Jake sensed she was a second from scurrying away. Maybe he should have lied to her at the start. He figured he may as well be direct since he might not have much longer to talk to her. “I saw you at The Asylum dancing for Garvan.”
Lines creased her brow. “I am sorry, but I must go.”
Jake caught her by the elbow. “Alina, wait. Please, I just want to talk.”
“I have nothing to say about dat man. Let go, please.”
Jake read Marco’s glare as the bouncer took a few steps in their direction. He released her elbow and watched her work her way toward the bar, and Marco settled back against the wall near the stairs. “Well, that went well, don’t you think?”
Keats patted him on the shoulder. “I have to hand it to you; you do have a way with women. Hopefully nobody saw that exchange, or I’ll never be invited back again.”
“You notice the way she clammed up when I mentioned Garvan? There’s something there.”
“Maybe if you bought her, it would take the pressure off.”
“Like that’s gonna happen.”
Keats stood. “Well, let’s get out of here.”
“Hold up.
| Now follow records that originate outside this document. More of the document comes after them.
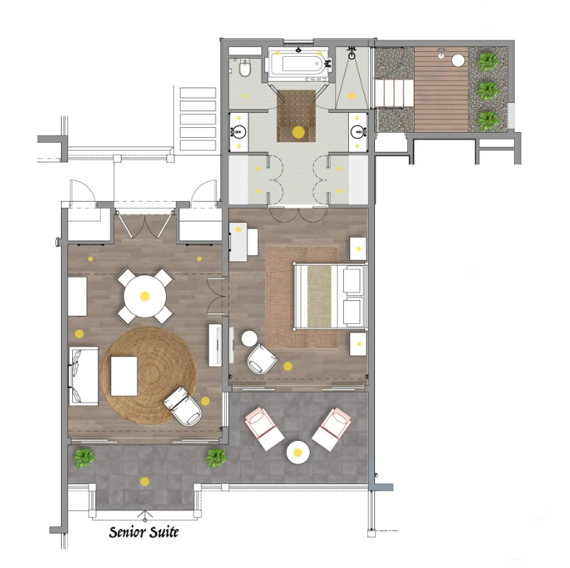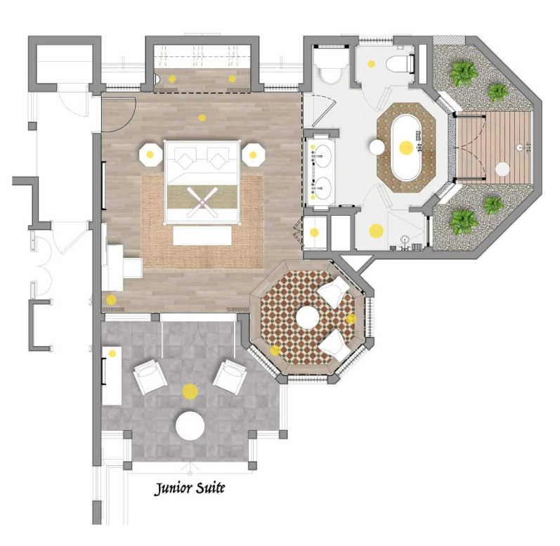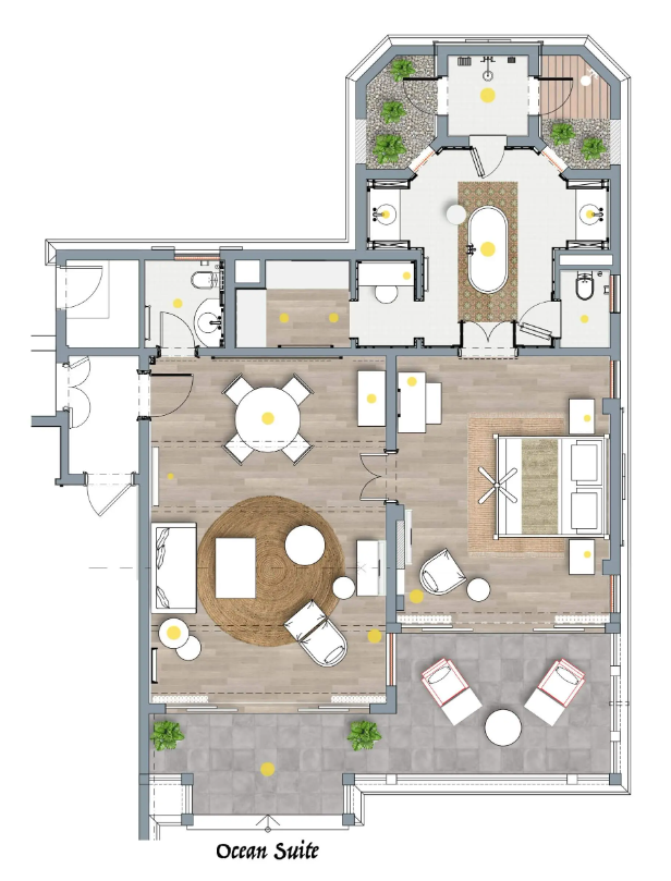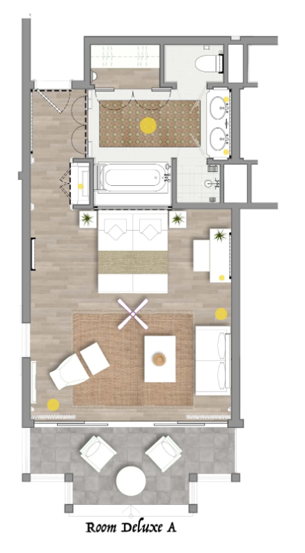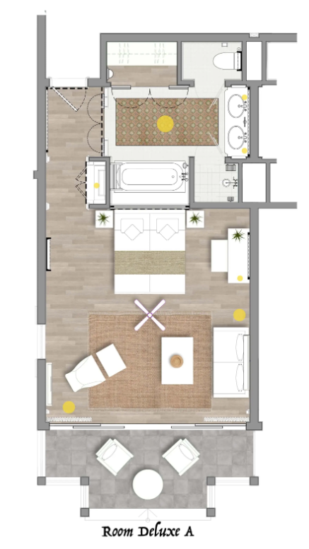 В номерах: кондиционер с индивидуальным управлением, телевизор, банные принадлежности, потолочный вентилятор, набор для приготовления чая/кофе, сейф, фен, Wi-Fi, IDD телефон, мини-бар, электрический чайник, кофемашина Nespresso с капсулами (пополняется ежедневно), халат, тапочки, утюг и гладильная доска.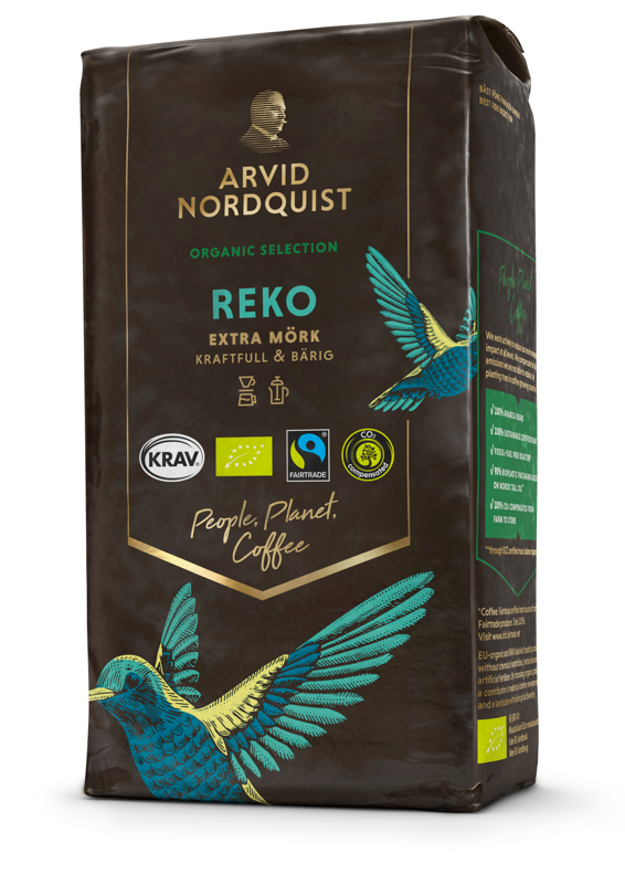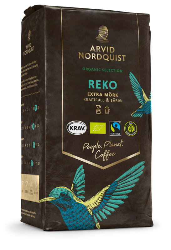 Reko ingår i Arvid Nordquists Selection-sortiment, som består till 100% av ekologiska Arabicabönor av hög kvalitet. Kaffet rostas fossilfritt och är både Fairtrade-, EU-ekologiskt- och KRAV-certifierat, vilket garanterar ett hållbart och ansvarsfullt kaffe från böna till kopp.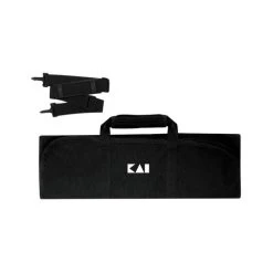 The Kai 8-Slot Knife Roll offers space for up to eight knives in secure elasticized pockets. There’s also a zippered net pocket inside, perfect for non-bladed kitchen tools. The interior of the knife roll has space for business cards, writing tools, or chopsticks. The roll is made of PVC-laminated 600 denier woven polyester with nylon straps. It is fully zippered, has Velcro closures, and offers a padded, reinforced handle when it’s time to travel.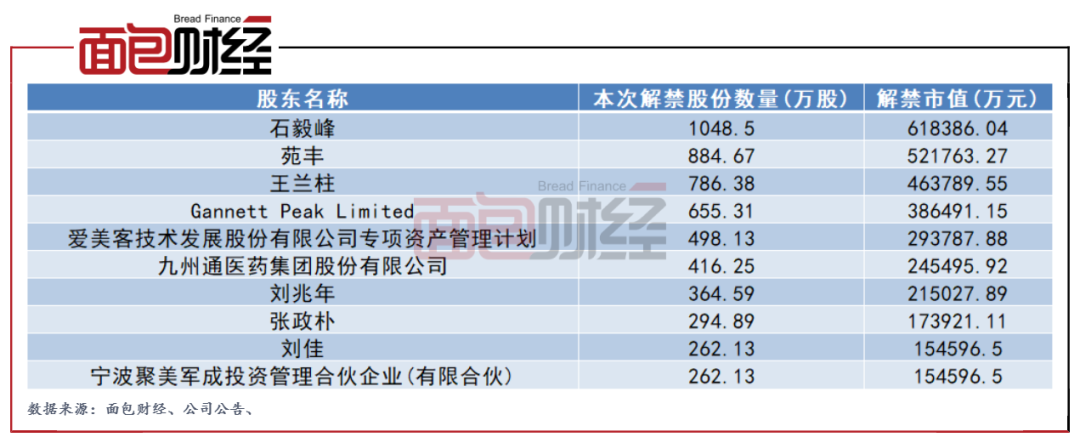 Gannett Peak Limited目前是爱美客第三大股东,值得注意的是,其要减持的这部分股权节前才获得解禁。9月29日,爱美客共解禁5472.98万股,市值总计达322.79亿元,其中Gannett Peak共解禁655.31万股。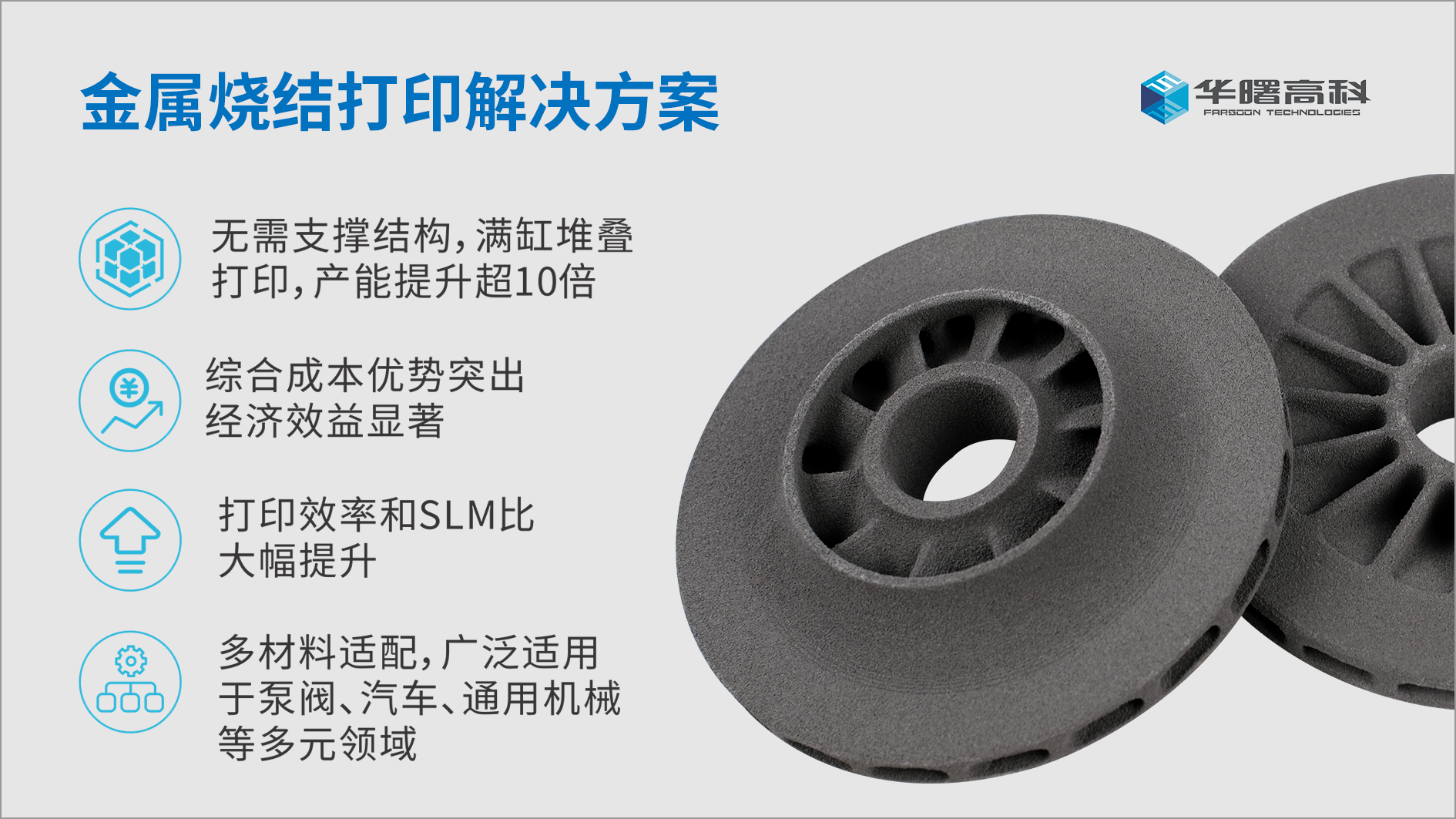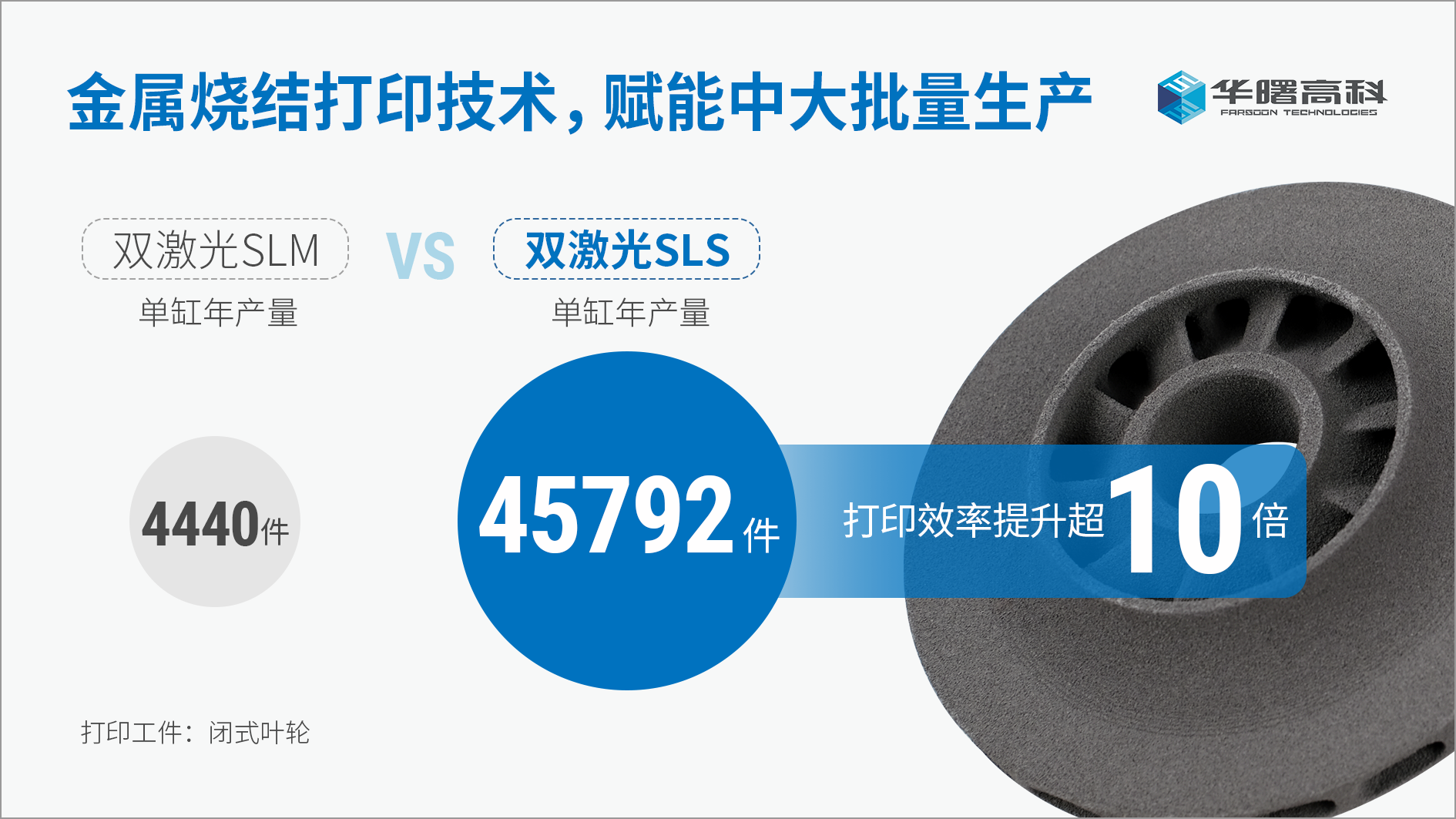 在生产效率上,金属烧结打印解决方案可实现无支撑堆叠排包打印,单台设备年产能可达10万+件,在同等激光器条件下,打印效率较SLM技术提升超10倍。以闭式叶轮为例,采用SLM双激光设备单缸年产量超4000件,而华曙高科SLS双激光设备单缸年产量可突破4万件,适配中大批量生产需求。

For the sake of curiosity, what’s the going rate?”
Keats tilted his head up and down, appraising Alina from across the room. “For her? She seems smart, well-spoken, certainly beautiful. Twenty-five to thirty-five thousand here, more in New York.”
Jake’s jaw dropped. “You’re shitting me.”
“If I’m lyin’ I’m dyin’. There’s probably a million dollars in inventory in this room. But, keep in mind these ladies are high end, the cream of the crop. You get a couple of these guys in a bidding war; you could get into the six-figure range for some of these girls.”
Jake flipped back to the semis in the Branson truck stop, wondering how many girls made up each load Delbert brought in. Did Alina know of the dead girl in Branson? He’d bet a thousand dollars the two were sisters. Jake flashed to the goddess he saw at Keats’s house when he was on the hunt for a crazy Russian with a silver briefcase a few weeks before.